3. **Optimized Computational Resources:** LightGBM's optimized algorithms and memory usage make it suitable for deployment in resource-constrained environments, such as production systems or cloud platforms. Its ability to deliver accurate predictions with minimal computational overhead is a key advantage in real-world applications.


# Explanation, Implementation, and Assumptions

## Gradient Boosting Machines (GBM)

### Explanation of Calculations:
GBM predicts fatigue life based on material properties using ensemble learning. It calculates predicted fatigue life values, comparing them to actual values for accuracy assessment.

### Implementation and Definitions:
- **Implementation:** GBM is implemented using libraries like scikit-learn or specialized gradient boosting libraries like XGBoost, LightGBM.
- **R-squared (R^2):** Measures variance proportion in fatigue life explained by the model. Higher R-squared values indicate better fit.
- **Root Mean Squared Error (RMSE):** Measures average deviation of predicted fatigue life from actual values. Lower RMSE implies higher prediction accuracy.

### Implemented Models:
- GBM (Gradient Boosting Machines)

### Assumptions:
1. **Feature Relevance:** Assumes the dataset contains highly relevant fatigue-related features influencing fatigue life predictions.
2. **Pattern Consistency:** Assumes fatigue behavior exhibits consistent patterns over the dataset, allowing GBM to learn meaningful relationships.
3. **No Collinearity:** Assumes features used in GBM are not highly correlated, preventing multicollinearity issues that can skew model predictions.

## XGBoost (eXtreme Gradient Boosting)

### Explanation of Calculations:
XGBoost optimizes GBM by incorporating regularization techniques and parallel processing for improved efficiency.

### Implementation and Definitions:
- **Implementation:** Utilizes the XGBoost library, known for its efficiency and optimization capabilities in gradient boosting tasks.
- **R-squared (R^2) and RMSE:** Evaluation metrics similar to GBM assess model performance.

### Assumptions:
1. **Complexity Control:** Assumes the dataset requires fine-tuned regularization to prevent overfitting, a strength of XGBoost.
2. **Parallelization Benefits:** Assumes XGBoost leverages multicore processors efficiently, improving training and prediction speeds for large datasets.
3. **Nonlinear Patterns:** Assumes fatigue behavior exhibits nonlinear relationships with features, aligning with XGBoost's ability to capture complex patterns.

## LightGBM (Light Gradient Boosting Machine)

### Explanation of Calculations:
LightGBM introduces optimization techniques like histogram-based splitting and leaf-wise tree growth for faster training.

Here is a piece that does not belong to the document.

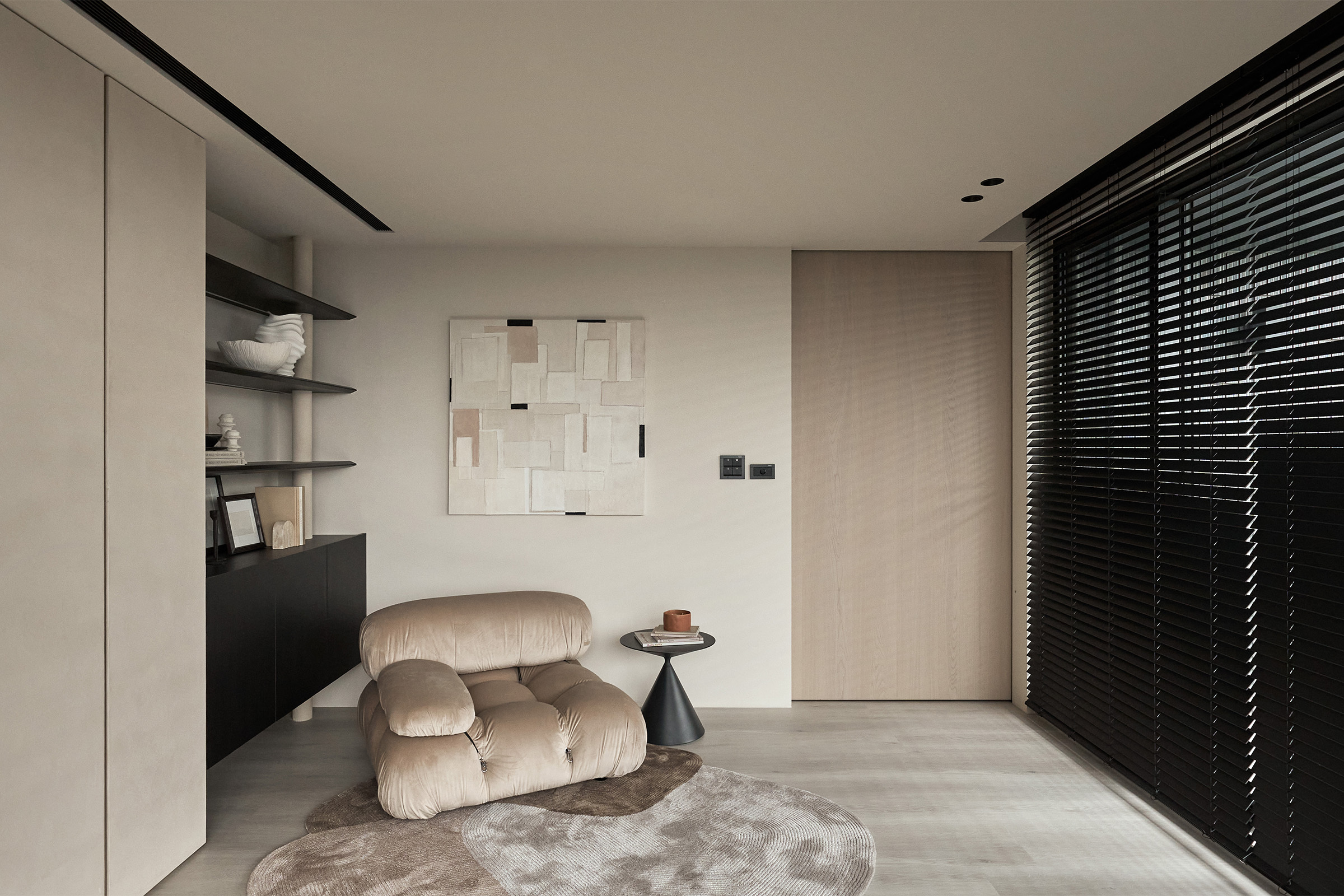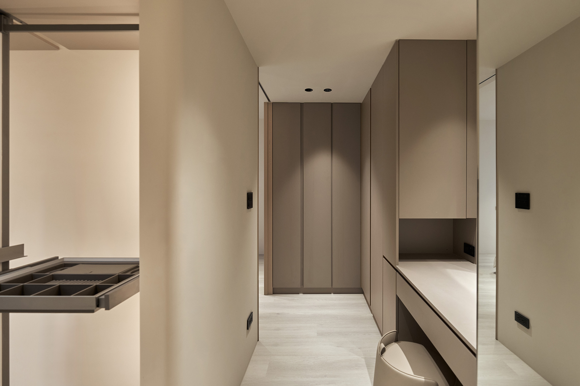 當電動門靜靜合上,巧妙劃分公共與私密領域,即便有賓客到訪,也能確保休息的品質與隱私的安全。

### Implementation and Definitions:
- **Implementation:** Leverages the LightGBM library, known for its speed and efficiency in gradient boosting tasks.
- **R-squared (R^2) and RMSE:** Standard metrics used to evaluate model performance.

### Assumptions:
1. **Efficient Data Handling:** Assumes LightGBM's optimized algorithms handle large datasets efficiently, a critical factor in fatigue prediction with numerous material attributes.
2. **Sensitive Feature Selection:** Assumes LightGBM effectively prioritizes critical features impacting fatigue behavior, leading to accurate predictions.
3. **Memory Optimization:** Assumes LightGBM's memory-efficient design allows deployment in resource-constrained environments, offering scalability and practicality.